葬儀費用は「送り方」によって変動するもの

実際のところお葬式にかかる費用は、十人十色です。特に昨今は流行り病の影響もあり、正確な統計なども存在していないのが実情です。葬儀費用を見積もるためには最低限、人数・場所(式場、火葬場)・宗教形式を設定し、火葬のみ、一日葬、家族葬、お葬式などのいずれかの形式をベースに、必要な費用を見積もっていくのが本来の流れです。反対に諸条件が曖昧なまま、前もって提示されている金額には信憑性がありませんのでご注意ください。

「最低限(火葬のみ)の場合」の葬儀費用とは?

国民の最低限度の生活を保障する生活保護法の葬祭費は、東京23区の場合で約20万円です。火葬する際に必要となる最低限の物品、経費負担の少ない日程、最低限の人件費を合計した上限金額になります。ちなみに経費負担の少ない日程とは、亡くなって1~2日後に火葬できた場合のことです。当然、この日数が長くなるほど、ご遺体を保管するためのドライアイスなどの費用が掛かるので、20万円では収まらなくなります。また、生活保護法で定められた範囲で葬儀を行う場合、主導権はご遺族にはない形になります。

 

火葬式で、この「最低限の金額」以下の数字を掲げている場合は、あとあと追加料金が発生する恐れがあることを理解しておきましょう。「安すぎる葬儀料金」には注意が必要なのです。

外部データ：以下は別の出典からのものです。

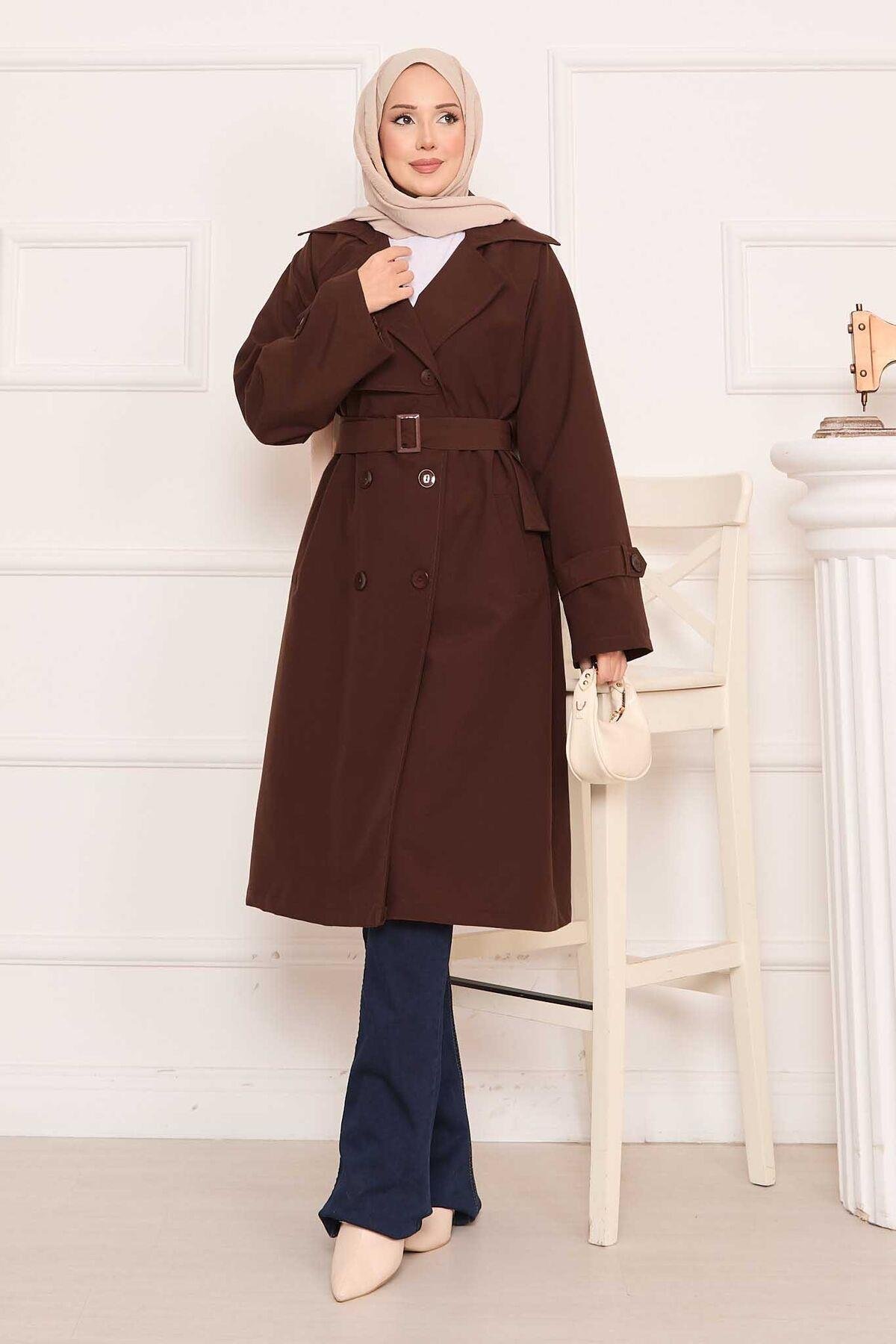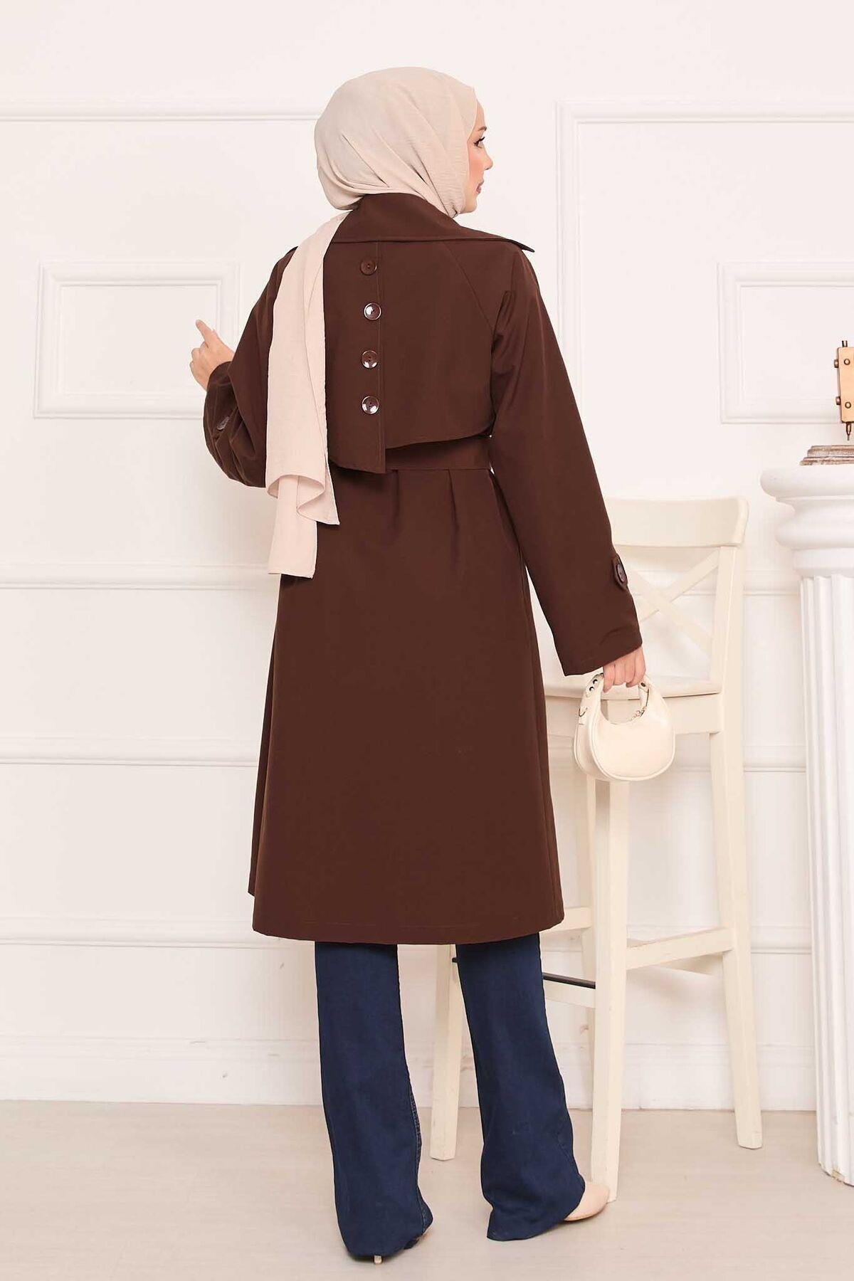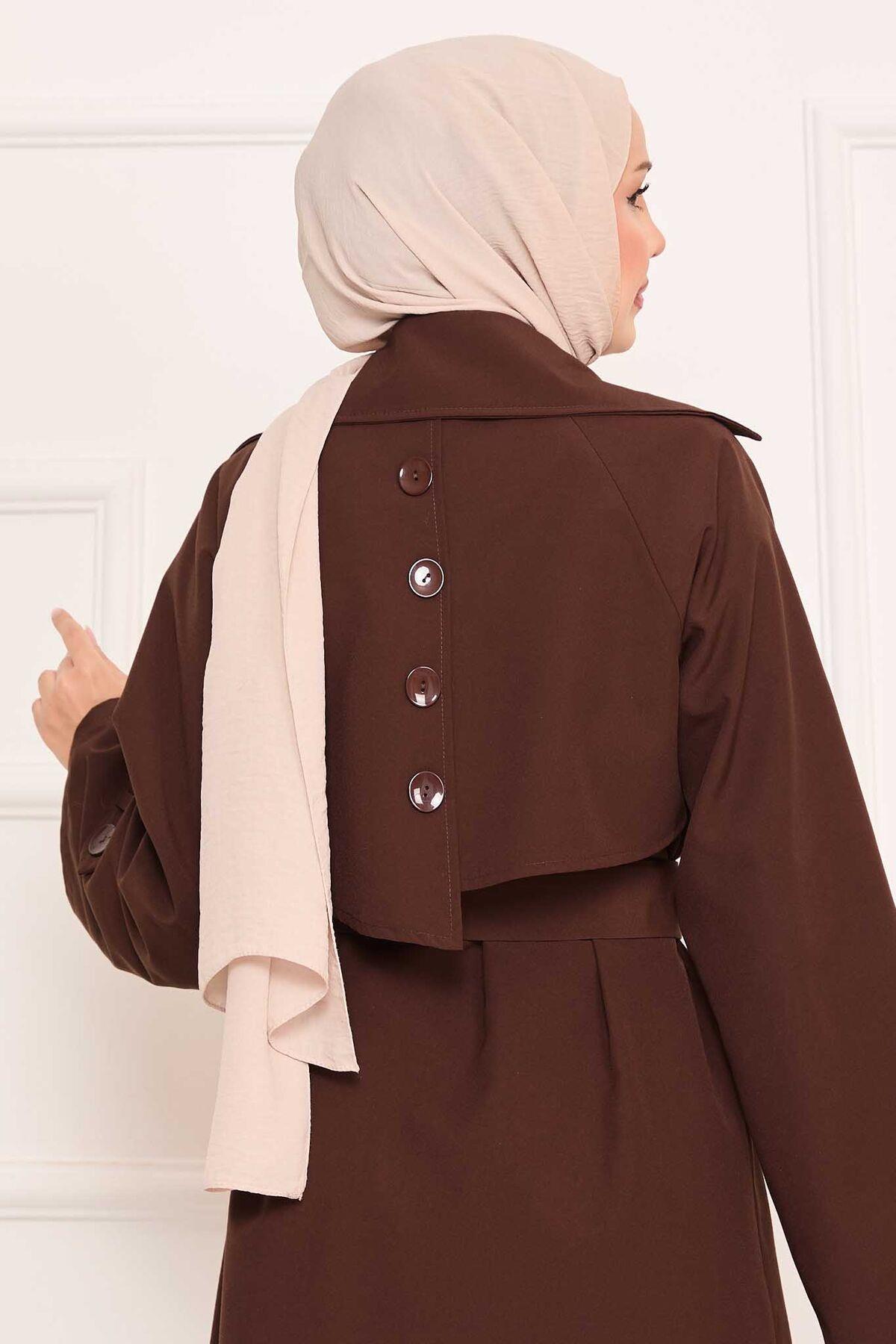 Removable Belted Hijab Trench Coat with Button Detail on the Back, Brown (125M01921181R2538)

葬儀でおさえるべき基本3項目=「①人数・②場所(式場・火葬場)・③宗教形式」

では、一般的にお葬式を挙げた場合、どのくらいの費用がかかるでしょうか?

 

まず大事なのは「①人数」「②式場・火葬場」「③宗教形式」の基本3項目をポイントとして押さえることです。この3つの項目設定がないプランだと、まず間違いなく大幅な追加料金が発生します。

 

具体的な中身ですが「葬儀本体」として、お葬式を請け負い、運営進行を執り行う葬儀社のサービス料・人件費がかかります。

 

その他、「物品関係」としてお棺やドライアイス、「車両関係」では霊柩車や寝台車、「火葬関係」では火葬料金・控室料や収骨容器、「会場費用」としてセレモニーホールや公民館などの借り賃(自宅で行う場合は無料)、そして「お布施」として読経、戒名、お車代などがかかりますが、とくにお布施に含まれる戒名は、宗派や戒名の位によって金額が大きく違ってきます。

 

また、前述した基本3項目のなかでも、たとえば葬儀に参列する人数が増えれば増えるほど、運営する葬儀社が動員するスタッフの人数が増えるので、その分だけ葬儀本体の金額が上がってきます。加えてお通夜と本葬を2日間かけて執り行い、参列者に食事をふるまえば、人数分の飲食接待費や返礼品の費用もかかってきます。

 

ただし、ある程度の人数が集まる葬儀の場合は、参列者からの香典収入があり、施主側の持ち出しは軽減される傾向になります。

 

大切なことは、火葬式、一日葬、家族葬、親族を集めて行うお葬式など、お葬式のタイプをベースに、参列者の人数をはじめとする基本3項目を踏まえた葬儀費用を正確に把握することです。